Comment 6 John Goerzen 2013-10-19 22:49:30 UTC
This file was only 5GB.  It had 27475 extents, and was created by restore (from the dump/restore program - a restoresymtable file)
Comment 7 John Goerzen 2013-10-21 14:10:05 UTC
Per the thread in the mailing list, others have seen this as well.  Perhaps it is related to qgroups, perhaps not, but for the moment it seems that is a possible culprit.

http://thread.gmane.org/gmane.comp.file-systems.btrfs/29252/focus=29259
Comment 8 John Goerzen 2013-10-25 13:38:22 UTC
On a system where this has caused a hang once, after btrfs quota disable and a reboot, doing the same action did not cause any problem at all.  Seems increasingly likely to be a quota problem.

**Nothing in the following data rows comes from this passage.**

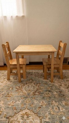 [This review was collected as part of a promotion.] I’m really pleased with this kids’ table and chair set. It looks nice and fits perfectly in a playroom without feeling bulky. The solid hardwood design gives it a sturdy feel, so I’m confident it will hold up well to everyday use. Assembly was straightforward and didn’t take long at all. I’d recommend using a drill to make the process even faster, though it can be done with just the included tools if needed. Once put together, the set feels stable and secure, and the chairs are just the right size for little ones. Overall, this is a great value for a durable, attractive kids’ furniture set. It’s functional, stylish, and easy to put together—highly recommend!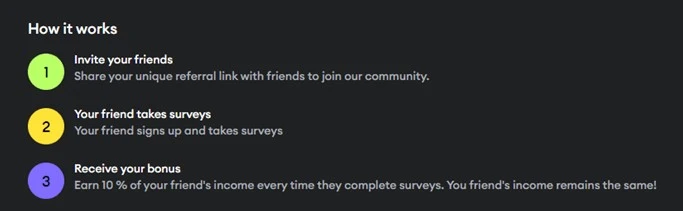Share your referral link, and when someone signs up through it and begins earning, you’ll receive 10% of their survey earnings. This does not reduce their rewards — it’s an added bonus given directly to you.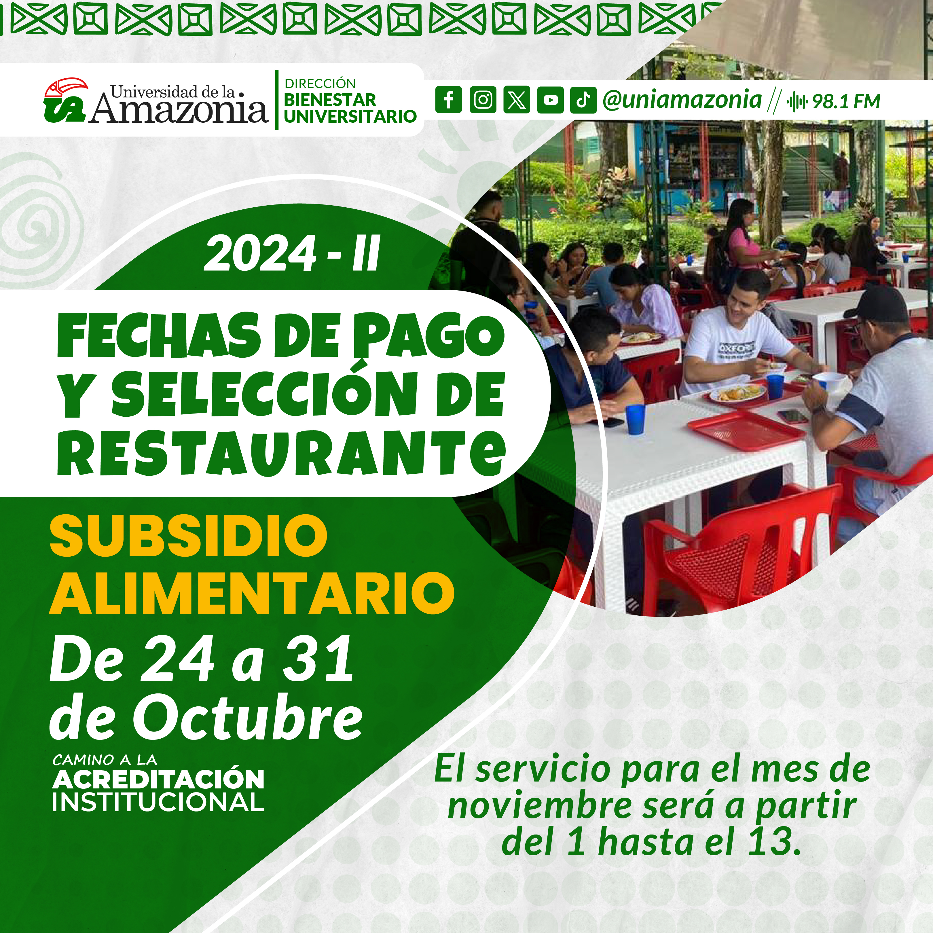 La Universidad de la Amazonia desde la Dirección de Bienestar Universitario, área de Promoción y Apoyo Socioeconómico, se permite informarles a los estudiantes beneficiarios del Programa Subsidio Alimentario: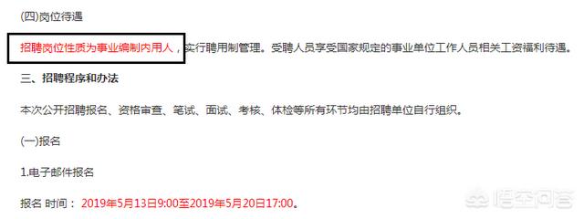 3.公告最后关于聘用待遇描述中,有类似“实习期满后考核通过办理入编手续”这样描述的,那就是实习期间内不给入编,实习期后给入编。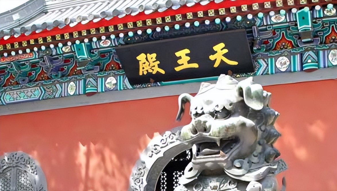 “布袋和尚”铜像为法源寺天王殿中所供奉的“弥勒菩萨”化身,它制作于明代。走进天王殿,便可见高达1米多的“布袋和尚”开心地望向您 ,袒胸露怀,好一幅“喜于言表”之状。位于“布袋和尚”身后的则是“护法神”韦驮的铜像,它与“布袋和尚”同一时期铸造,不过却要高于“布袋和尚”许多,显得极为威严。再看“天王殿”内两边,还立有“四大天王像”。来到这里,不妨“沾“一些“布袋和尚”的喜气回家吧。

I'm not sure what more info could be needed; this is still flagged NEEDINFO but I don't know what more info could be supplied?
Comment 9 Josef Bacik 2013-10-31 20:58:24 UTC
How do you have qgroups setup?  I'd like to try and reproduce this locally and to do that I need to know your qgroup setup.
Comment 10 John Goerzen 2013-10-31 21:05:50 UTC
I did nothing other than basically:

btrfs sub cre a
btrfs sub cre b
btrfs sub cre c
btrfs quota enable

I only turned them on so I could get disk-usage data for each subvolume via btrfs qg show.  I did not set any limits and create anything else.  I believe I did turn on quotas before loading data on the FS.  All data was loaded into subvolumes.

Does that help?
Comment 11 Josef Bacik 2013-11-01 21:06:10 UTC
I can't seem to reproduce, everything looks fine to me.  Can you try to rm the file and run

slabtop

in another window and see what floats to the top?  Use the 'c' command when it loads up to sort by cache size, and then just copy+paste whatever comes to the top for a long time.
Comment 12 John Goerzen 2013-11-03 13:36:40 UTC
Hi Josef,

I will try to write some code on Monday to duplicate this and see what I can find for you.

John
Comment 13 John Goerzen 2014-05-28 16:16:34 UTC
FYI - I eventually changed to zfs and cannot writ ethe code to duplicate.  I am curious if this was ever resolved.  FWIW, I did hear from others with similar issues.
Comment 14 David Sterba 2022-10-03 10:41:23 UTC
This is a semi-automated bugzilla cleanup, report is against an old kernel version. If the problem still happens, please open a new bug. Thanks.